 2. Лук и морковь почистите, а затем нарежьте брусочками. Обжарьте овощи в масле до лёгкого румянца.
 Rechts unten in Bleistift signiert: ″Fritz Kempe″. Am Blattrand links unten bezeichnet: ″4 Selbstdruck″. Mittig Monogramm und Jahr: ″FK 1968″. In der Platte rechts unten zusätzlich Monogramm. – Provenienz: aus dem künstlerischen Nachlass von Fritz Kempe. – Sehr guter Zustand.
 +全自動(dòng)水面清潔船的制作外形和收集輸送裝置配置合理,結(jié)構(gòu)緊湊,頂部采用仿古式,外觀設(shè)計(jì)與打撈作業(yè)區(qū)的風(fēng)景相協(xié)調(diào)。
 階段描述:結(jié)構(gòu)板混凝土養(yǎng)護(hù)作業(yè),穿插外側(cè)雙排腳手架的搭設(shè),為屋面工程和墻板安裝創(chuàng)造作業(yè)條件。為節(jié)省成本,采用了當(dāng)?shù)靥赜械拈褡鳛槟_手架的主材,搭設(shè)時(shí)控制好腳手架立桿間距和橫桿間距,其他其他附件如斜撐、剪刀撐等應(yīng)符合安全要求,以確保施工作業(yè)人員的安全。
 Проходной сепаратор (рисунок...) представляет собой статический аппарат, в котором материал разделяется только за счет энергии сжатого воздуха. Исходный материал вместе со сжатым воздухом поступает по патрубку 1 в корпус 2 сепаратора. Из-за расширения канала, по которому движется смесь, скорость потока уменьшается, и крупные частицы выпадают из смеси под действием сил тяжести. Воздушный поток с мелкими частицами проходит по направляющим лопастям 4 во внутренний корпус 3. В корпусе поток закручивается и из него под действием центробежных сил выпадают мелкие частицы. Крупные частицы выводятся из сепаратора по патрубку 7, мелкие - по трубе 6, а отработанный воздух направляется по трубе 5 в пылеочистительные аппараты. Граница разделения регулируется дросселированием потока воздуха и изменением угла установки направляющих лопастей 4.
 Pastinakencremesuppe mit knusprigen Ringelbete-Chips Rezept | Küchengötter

**Try it**
Nothing but the lines from the one containing "Проходной сепаратор (рисунок...)" through the end of the entries belongs in the answer; repeat them exactly.

**Solution to the problem**
 Проходной сепаратор (рисунок...) представляет собой статический аппарат, в котором материал разделяется только за счет энергии сжатого воздуха. Исходный материал вместе со сжатым воздухом поступает по патрубку 1 в корпус 2 сепаратора. Из-за расширения канала, по которому движется смесь, скорость потока уменьшается, и крупные частицы выпадают из смеси под действием сил тяжести. Воздушный поток с мелкими частицами проходит по направляющим лопастям 4 во внутренний корпус 3. В корпусе поток закручивается и из него под действием центробежных сил выпадают мелкие частицы. Крупные частицы выводятся из сепаратора по патрубку 7, мелкие - по трубе 6, а отработанный воздух направляется по трубе 5 в пылеочистительные аппараты. Граница разделения регулируется дросселированием потока воздуха и изменением угла установки направляющих лопастей 4.
 Pastinakencremesuppe mit knusprigen Ringelbete-Chips Rezept | Küchengötter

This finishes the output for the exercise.